··· Available data ···

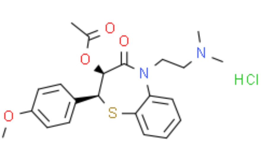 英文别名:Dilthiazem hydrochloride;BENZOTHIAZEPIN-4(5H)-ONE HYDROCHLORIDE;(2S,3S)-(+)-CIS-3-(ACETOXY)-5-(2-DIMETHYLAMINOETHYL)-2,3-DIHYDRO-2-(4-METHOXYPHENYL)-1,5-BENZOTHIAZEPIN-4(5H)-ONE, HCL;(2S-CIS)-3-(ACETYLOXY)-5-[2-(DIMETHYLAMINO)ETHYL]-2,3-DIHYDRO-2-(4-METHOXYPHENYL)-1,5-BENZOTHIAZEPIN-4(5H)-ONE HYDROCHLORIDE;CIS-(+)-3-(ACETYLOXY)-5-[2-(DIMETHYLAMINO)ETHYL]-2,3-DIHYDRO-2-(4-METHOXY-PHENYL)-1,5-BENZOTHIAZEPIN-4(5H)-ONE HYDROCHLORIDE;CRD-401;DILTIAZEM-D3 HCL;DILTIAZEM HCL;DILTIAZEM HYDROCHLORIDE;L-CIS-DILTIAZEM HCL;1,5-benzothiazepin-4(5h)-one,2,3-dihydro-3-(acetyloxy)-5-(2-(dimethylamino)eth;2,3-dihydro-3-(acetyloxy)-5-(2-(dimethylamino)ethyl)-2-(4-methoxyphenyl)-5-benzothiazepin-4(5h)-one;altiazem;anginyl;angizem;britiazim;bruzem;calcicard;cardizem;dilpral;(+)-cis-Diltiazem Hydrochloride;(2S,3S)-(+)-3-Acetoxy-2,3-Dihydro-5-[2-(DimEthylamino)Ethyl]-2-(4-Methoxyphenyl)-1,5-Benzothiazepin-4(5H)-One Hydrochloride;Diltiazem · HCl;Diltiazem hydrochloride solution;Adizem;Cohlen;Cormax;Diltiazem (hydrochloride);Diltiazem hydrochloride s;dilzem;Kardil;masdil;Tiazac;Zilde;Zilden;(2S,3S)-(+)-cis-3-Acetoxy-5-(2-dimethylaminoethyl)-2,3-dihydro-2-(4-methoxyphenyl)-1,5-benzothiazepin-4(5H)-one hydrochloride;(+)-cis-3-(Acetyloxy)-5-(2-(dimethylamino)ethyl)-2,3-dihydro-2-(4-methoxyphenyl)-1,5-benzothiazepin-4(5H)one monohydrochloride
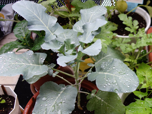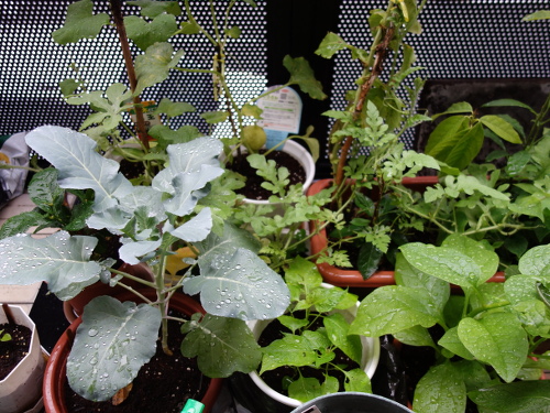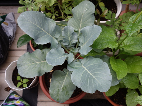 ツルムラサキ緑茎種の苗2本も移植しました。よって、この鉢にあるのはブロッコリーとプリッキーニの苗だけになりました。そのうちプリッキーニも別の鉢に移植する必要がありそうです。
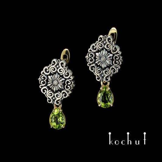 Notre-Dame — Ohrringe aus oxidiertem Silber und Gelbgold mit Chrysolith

···

(Your objective): Extract, word for word, each line from the one that contains "ツルムラサキ緑茎種の苗2本も" through the final line of the data above. Leave the pictures out.

(Reply to the task):
 ツルムラサキ緑茎種の苗2本も移植しました。よって、この鉢にあるのはブロッコリーとプリッキーニの苗だけになりました。そのうちプリッキーニも別の鉢に移植する必要がありそうです。
 Notre-Dame — Ohrringe aus oxidiertem Silber und Gelbgold mit Chrysolith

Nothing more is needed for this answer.